14. Uniformità nazionale dei programmi di studio delle Università arrivando ad una definizione collegiale degli stessi tra organizzazioni rappresentative dei docenti e degli studenti.

15. Riformulazione della politica sul metodo a CFU. Il metodo che conferisce CFU va ripensato o perlomeno uniformato. Il metodo di assegnazione dei crediti formativi varia infatti per ogni ateneo anche in facoltà identiche.

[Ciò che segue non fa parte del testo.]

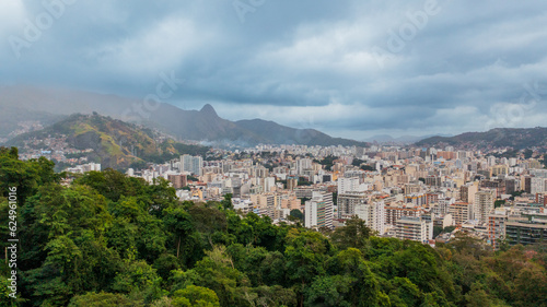 Obraz premium Aerial view of Rio de Janeiro on a cloudy day, in the neighborhoods of Tijuca...

16. L’Università e la ricerca per lo sviluppo del Sud. La parte più cinica delle politiche di spolpamento dell’Università ha colpito negli ultimi anni il Meridione. Le cause della “fuga di cervelli” dal Sud verso le Università del Nord è da attribuire anche ai fattori che ci proponiamo di combattere e cambiare. La causa principale deve rintracciarsi nel già citato metodo di finanziamento, un metodo di tipo anglosassone che va ad arricchire Università con una disponibilità finanziaria già cospicua e che grazie a questa posizione mantengono un’alta quota di fondi pubblici assegnati. Bisogna favorire un finanziamento che si basi su criteri di uguaglianza, innovazione e insediamento dell’Università nelle aree finora escluse. Si tratta di una misura minima per consentire l’arresto della emigrazione giovanile per lo studio e di investire nel Mezzogiorno anche nel settore della ricerca e della formazione. Una stretta sinergia tra territorio e Università permetterà la promozione di uno sviluppo nuovo per il Sud, in termini culturali, formativi e occupazionali.